Whether it's buying two identical PCs or running two exact copies of the same dataset in the cloud (where you swap the live one out if there's a corruption and have a new, clean copy immediately), replicating systems or mirroring is a longstanding favourite defence against faults. One financial provider, Seattle Bank, talked about their own experience of using a hybrid cloud approach to enable redundant data recently.
In the cloud era the problems that can arise because of data or system faults are almost limitless. Applications are often multi-tenanted, use shared platforms, compete for processor resources and bandwidth, communicate over a very patchy internet and might run on ageing hardware, so it takes a far more engineered approach. As outlined in this study by Microsoft, processes can be retried, rerouted, leader transactions applied and much more.
Aside from the obvious advantages of running processes in the cloud, research has shown that next gen computer hardware simply might not be fault tolerant enough for tomorrow's needs. A traditional approach like checkpoint/restart won't work at the exascale because the time it needs may exceed the mean time to failure for even the fastest supercomputers.
Application-level resilience protects against faults at a lower cost, so if you're looking only at system continuity and protection, it makes sense above a certain level to throw all your hardware out as scrap and host/process everything in the cloud.

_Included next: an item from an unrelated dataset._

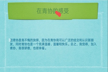 在过去的一年中,每位志愿者干事都奉献出了属于自己的一份力量,铭记“团结、友爱、互助、奉献”的志愿服务精神。志愿活动是微小的也是伟大的,每个志愿者都在社会志愿活动之中,帮助他人,提升自己,从助人为乐之中获得了对自己的提升。(已修改,建议审核)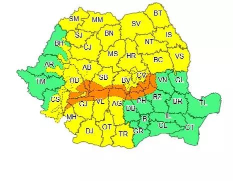 Administrația Națională de Meteorologie a emis mai multe atenționări cod portocaliu și cod galben de vreme rea, valabile pentru mai multe zone din țară.

If you work in IT there's nothing to be said about backup you don't already know, but disaster recovery (DR) is an area where several organisations still fall down. Just like we talked about in a previous blogs, do your contingency planning. When (not if) disaster strikes, you'll have a formal policy with all staff knowing their part and it will result in minimal disruption to the business.
Just like in every other area of IT, all of the above can be handed off to an expert in what's called ‘resilience engineering’. Dedicated providers will put your systems to the test under extreme conditions to see how far they stretch before breaking. They can advise you about cost effective ways of galvanising your infrastructure and data to handle anything that comes up. And because of the exponential rise in complexity, cost, and the need for protection as systems get more complicated, bringing in a third party expert becomes an even more valuable proposition the more you grow.